### INFORMATION SHOWN
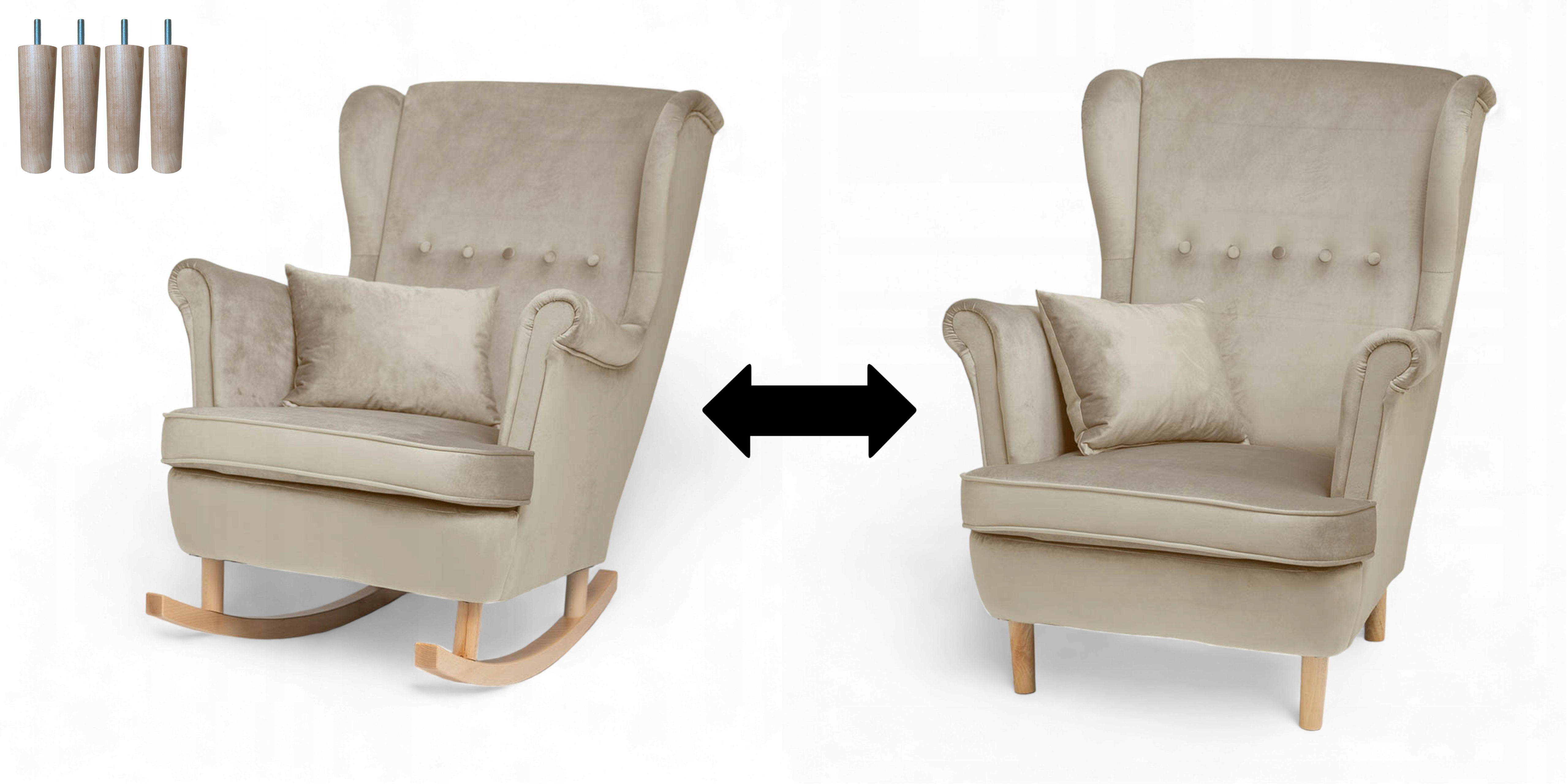 ✅Nogi w zestawie pozwalają na zmianę fotela bujanego w standardowy
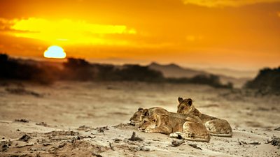 The cubs were orphaned before their mother was able to teach them how to hunt. Fortunately, in the harsh desert, they have another way to survive. Here prey succumbs to hostile conditions, and a carcass lasts longer than it would on the plains. Lions are formidable hunters, but when times demand it they can survive by feeding on old rotting meat - unless danger comes and a bigger lion claims the meal.
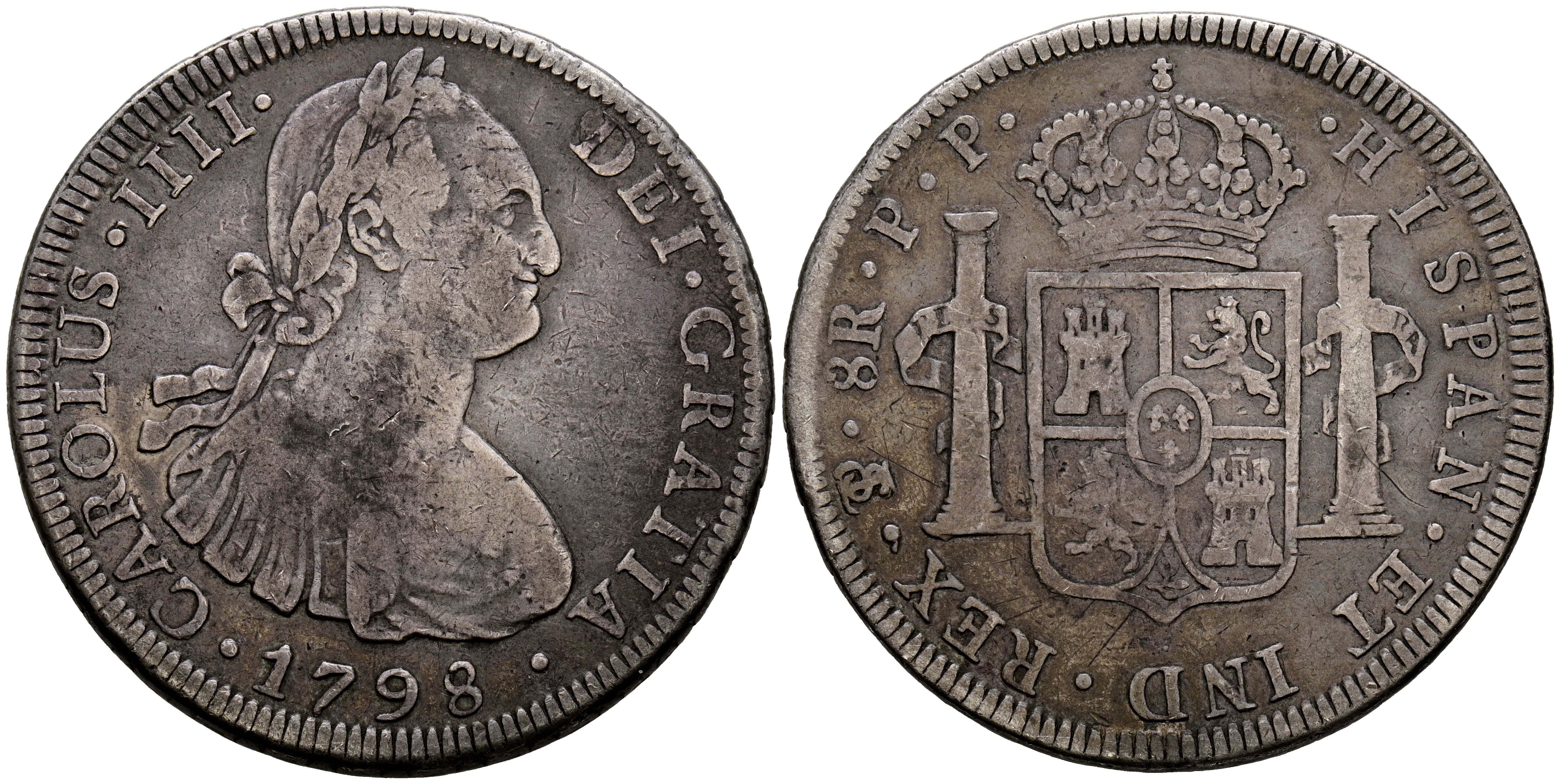English CHARLES IV (1788-1808). 8 Reales. (Ar. 26.6g/41mm). 1798. Potosi. PP. (Cal-2019-1002). Very Fine.

### PROBLEM DESCRIPTION
Print the full listing above exactly. Pictures stay out of the copy.

### TASK SOLUTION
 ✅Nogi w zestawie pozwalają na zmianę fotela bujanego w standardowy
 The cubs were orphaned before their mother was able to teach them how to hunt. Fortunately, in the harsh desert, they have another way to survive. Here prey succumbs to hostile conditions, and a carcass lasts longer than it would on the plains. Lions are formidable hunters, but when times demand it they can survive by feeding on old rotting meat - unless danger comes and a bigger lion claims the meal.
English CHARLES IV (1788-1808). 8 Reales. (Ar. 26.6g/41mm). 1798. Potosi. PP. (Cal-2019-1002). Very Fine.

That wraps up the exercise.